Anyway, that's where I am now. My re-formulated question is: with appropriate values for $p_1, p_2, p_3$ (and what would these values be?) can we have a simple distribution for $Z$? (uniform or polynomial on $[1,2]$)
Note: With the particular discrete distribution in question, the support domain for $Z$ is $[1, 2]$. Sure, if all $X_k$ are zero, then $Z=0$ but that happens with probability zero. If all but one of the $X_k$ is zero, then $Z\geq 1$.
2. Second update
Regarding my statement I was naively thinking that this would lead to $Z$ being uniform on $[1, 2]$. I think the reason that it doesn't is because for this to happen, the $X_k$'s would need to have the right auto-correlation structure required to form a normal number in the numeration system based on infinite nested radicals. In my experiment, I used i.i.d. $X_k$'s. But for normal numbers (in that system) lag-1 auto-correlation between successive digits (the $X_k$'s being the digits) is close to zero, but not exactly zero. By contrast, in the binary numeration system, the digits $X_k$'s of normal numbers are not correlated, and thus if $X_k$ is Bernouilli of parameter $p=\frac{1}{2}$, then $Z = \sum_{k=0}^\infty X_k \cdot 2^{-k}$ is uniform on $[0, 1]$. But if $p\neq \frac{1}{2}$, then the distribution of $Z$ is pretty wild, see here.
3. Third update
Assume the $X_k$'s are i.i.d. with the discrete distribution mentioned earlier. Then the density $f$ associated with $Z$, if it exists, must satisfy:
$z \in ]1,\sqrt{2}[\Rightarrow f(z) = 2p_1 z f(z^2)$
$z \in ]\sqrt{2},\sqrt{3}[\Rightarrow f(z) = 2p_2 z f(z^2-1)$
$z \in ]\sqrt{3},2[\Rightarrow f(z) = 2p_3 z f(z^2-2)$
This excludes the possibility that $Z$'s distribution is as simple as a finite polynomial, regardless of $p_1, p_2, p_3$. Also, at $z=1, \sqrt{2}, \sqrt{3}$ or $2$, $f(z)$ may be zero, infinite, not exist or be discontinuous.

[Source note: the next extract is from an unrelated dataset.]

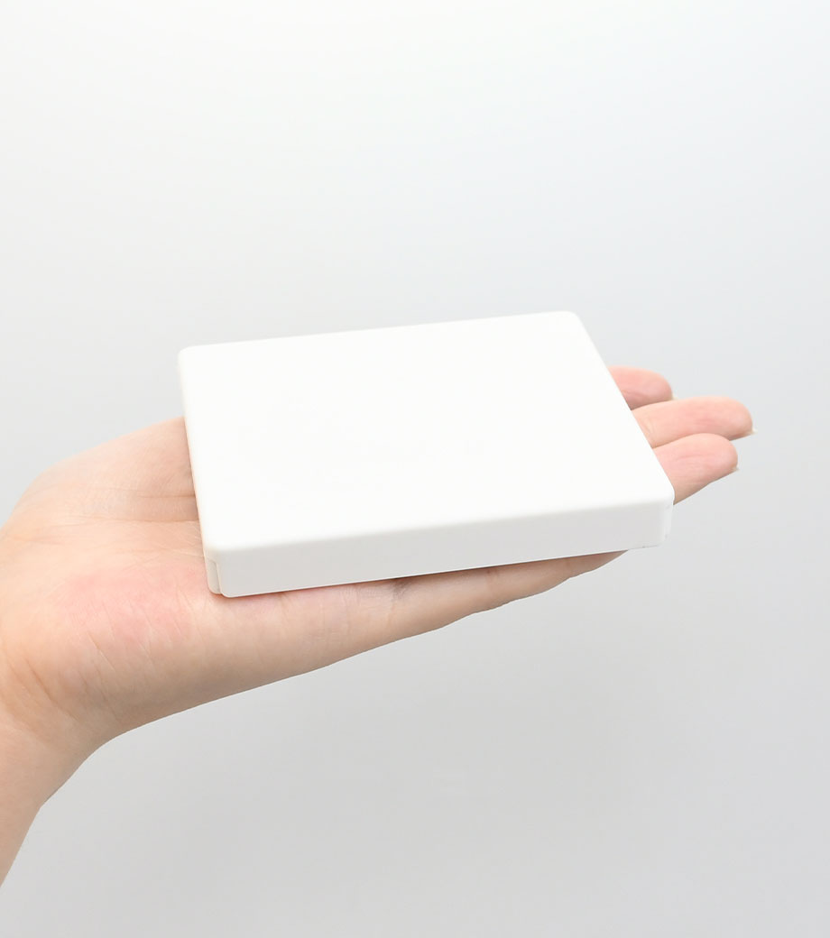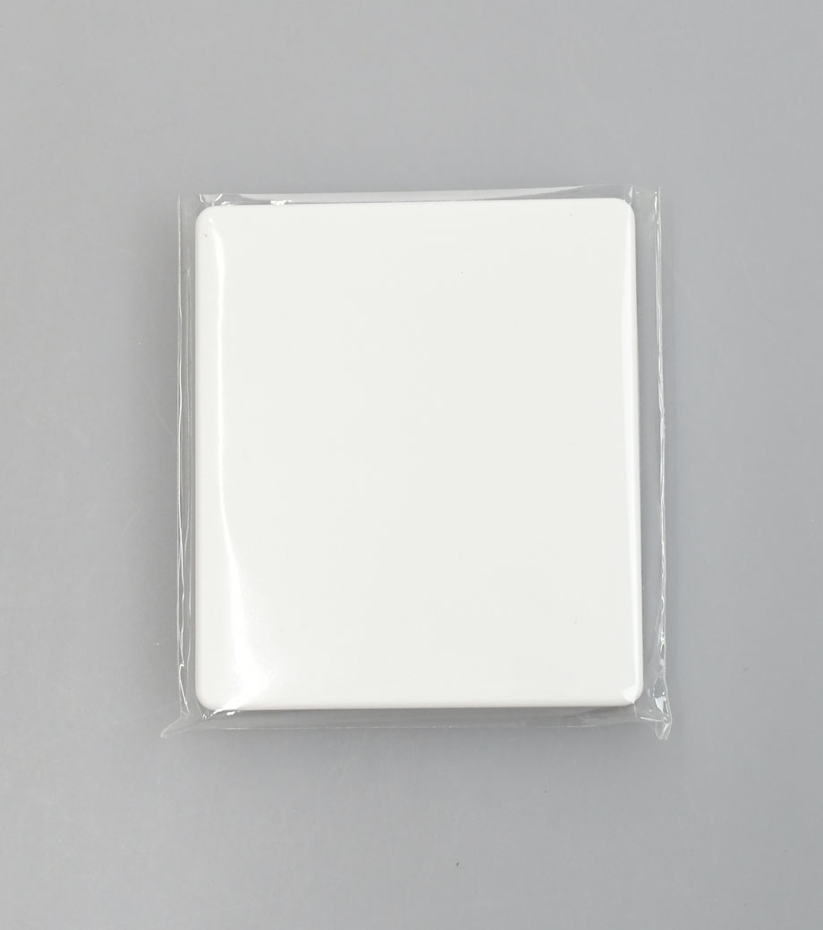 スマホ取り付けの際に、接着部分を保護できる透明フィルム付き。コンパクトな化粧箱で手渡しはもちろん、ポストインでの発送も可能です。窓付き箱なので、渡すときに名入れ面が見えて販促効果バッチリです。

Finally, if $f(z)$ is properly defined (not zero or infinite) at $z=(1+\sqrt{5})/2$, then we have $p_2 = 1/(1+\sqrt{5})$: this is a direct result of the second equation in the above mathematical formula. Using the same equations with $z=\sqrt{2}$ and $z=\sqrt{3}$ yields $p_2/p_1=p_3/p_2$, if $f(1)$ and $f(2)$ are well defined. Combined with the value for $p_2$ and the fact that $p_1+p_2+p_3 =1$, we easily obtain interesting values: $p_1 = 1/2, p_2 = 1/(1+\sqrt{5}), p_3= (3-\sqrt{5})/4$. The following of this section is split into three cases.
Case 1:
If $p_1 = 1/2$ and $f(1)$ is well defined, one would assume that if $z \in ]1,\sqrt{2}[$ and the density is continuous, then $f(z) = f(1) / z$, because of the first formula resulting in
$$f(z) = f(\sqrt{z})/\sqrt{z} = f(z^{1/2^n})\cdot\Big(z^{\frac{1}{2}+\frac{1}{2^2}+\cdots +\frac{1}{2^n}}\Big)^{-1} \rightarrow \frac{f(1)}{z}.$$
Case 2:
The case $z\in ]\sqrt{2},\sqrt{3}[$ is quite interesting. Let's use $p_2 = 1/(1+\sqrt{5})$ and let $\phi = 2p_2$. Also, let us define $$R_1(z) =\sqrt{1+z}, R_2(z) =\sqrt{1+\sqrt{1+z}},R_3(z) =\sqrt{1+\sqrt{1+\sqrt{1+z}}}$$ and so on. Using the formula $f(z) = \phi\cdot\sqrt{1+z}\cdot f(\sqrt{1+z})$ iteratively, one gets $$f(z)=f(R_n(z))\cdot\phi^n\cdot\prod_{k=1}^n R_k(z).$$ The expression on the right-hand size converges as $n\rightarrow\infty$. Note that $R_n(z) \rightarrow \phi^{-1}$.
Note that if $z\in ]2^{1/4}, 3^{1/4}[$ then $f(z)$ can be computed either using case 1, or as follows: $f(z) = 2p_1 z f(z^2)$ and since $z^2 \in ]\sqrt{2}, \sqrt{3}[$ you can compute $f(z^2)$ using case 2. If the two different methods produce different results, the likely explanation is that $f(1)$ does not exist: $f$ oscillates infinity many times around $z=1$, making case 1 useless. This is something I have yet to explore.
Case 3:
Here $z\in ]\sqrt{3},2[$. I haven't checked it yet.